Recounting the day that changed her life, Givvon said that she never expected to be attacked by her boyfriend, nor did she think that she was going to die.

“I remember seeing him coming and the girl telling me to run, but I didn’t see him coming with nothing, so I didn’t see any reason to run, because we didn’t have nothing, so I smile and then he reach close to me and he tek out the cutlass and pelt the first chop…. It catch me on my (left) hand.”

“Then I remember he hold me down and then I remember the chop in my back.

“I was conscious but helpless; I could hear the people who was shouting from a distance, then after I fall on the ground…. I just kept praying to God to protect me.”

Givvon sustained chops to her hand, face, head and back of her neck, some over 18 inches long.

The chops required multiple stitches to close, and she suffered various injuries, including a fractured left collar bone, severed nerves in her face; with one chop, according to Givvon, just inches from her brain.
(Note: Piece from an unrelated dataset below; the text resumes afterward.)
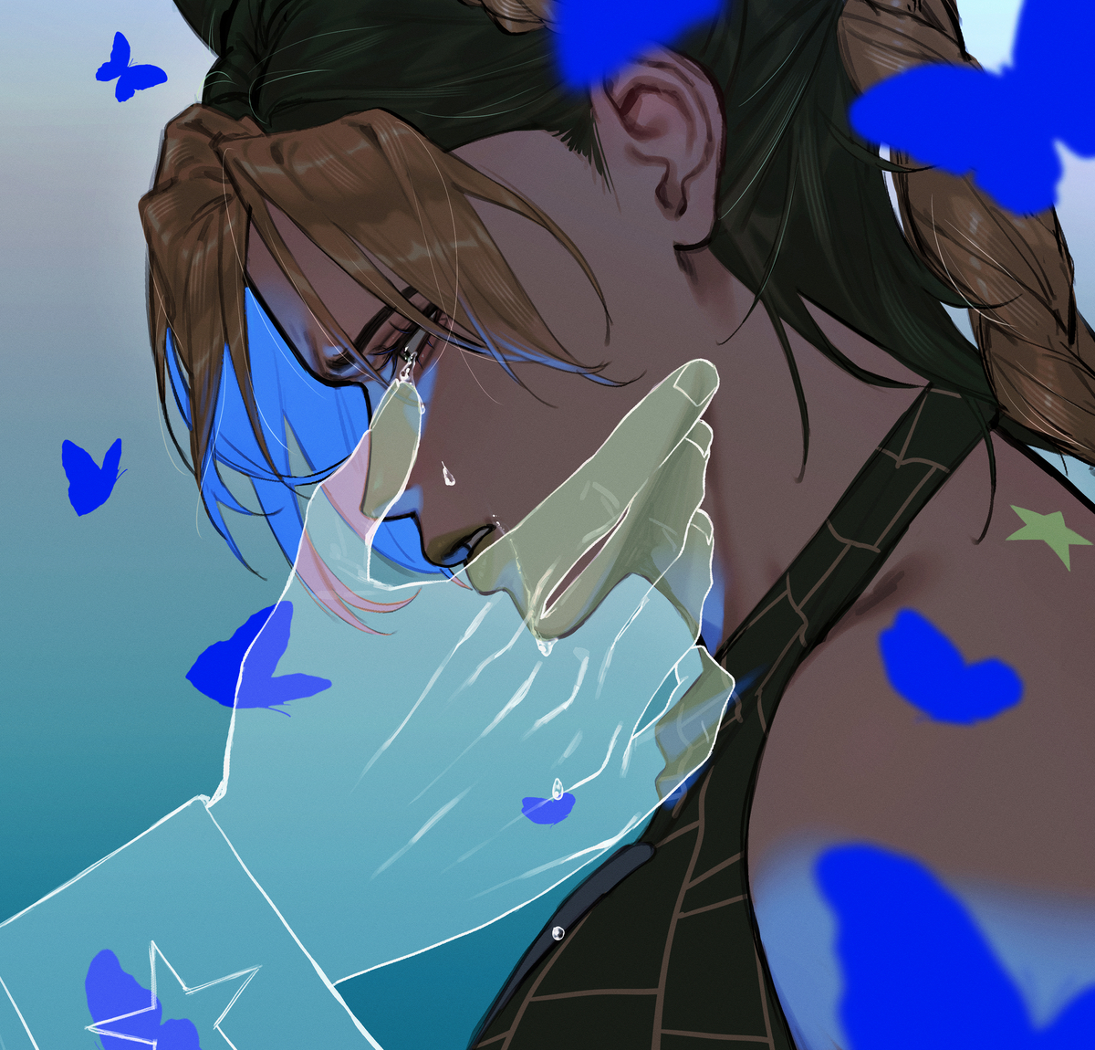 1boy 1girl bare_shoulders black_hair blonde_hair blue_background braid bug butterfly commentary_request crying crying_with_eyes_open from_side gradient_background insect jojo_no_kimyou_na_bouken kuujou_jolyne kuujou_joutarou long_sleeves multicolored_hair parted_lips profile simple_background single_braid stone_ocean tears two-tone_hair upper_body wiping_tears zxor1q0

She has problems moving her head and neck, and also suffers from pain in her back and ear, and has a speech impairment because of the attack.

Givvon, who spent eleven days at the Milton Cato Memorial Hospital, says that what has her more upset and frustrated since her release from the institution, is that Deron, 26, who is on remand at Her Majesty’s Prison, has made a series of telephone calls to her from behind bars.

“First I was kinda frighten, because when he call I was hearing music in the background, so I thought he was out…. He ask me if I aright and I freeze for a while, and then the phone cut out…. after that I keep receiving a whole set of call and when I answer, the person putting down….”

Givvon said that their children, four-year-old son Javorn and daughter Giselle, two, are also traumatized by the ordeal, and are concerned about their mother’s safety, usually warning her not to go outside for fear that their father will hurt her again.

According to Givvon, her daughter, who was especially attached to their father, would run in fear when she passes the area where he lived.

Givvon indicated the attack may have stemmed from jealousy, which had arisen over a period of time, because of rumours that were spread by others about her, which she denies.

“In Bequia… once they see you talking to somebody strange, before the end of the day, the story is that you dey with that person.

“Since the story start, if I go somewhere, he will call me a hundred million times asking me ‘way you dey so long’….”

Givvon pointed out that she is uncertain if she has forgiven her attacker, claiming that at times she feels for revenge, and at other times she just feels sorry for him.

The physically and emotionally hurt, yet thankful young woman is appealing for assistance in order to cover her medical expenses, which she said are expected to rise as time goes on.

Her next trip under a blade is in an effort to repair nerves in her face.

“Any assistance I get, I will thank God for it.”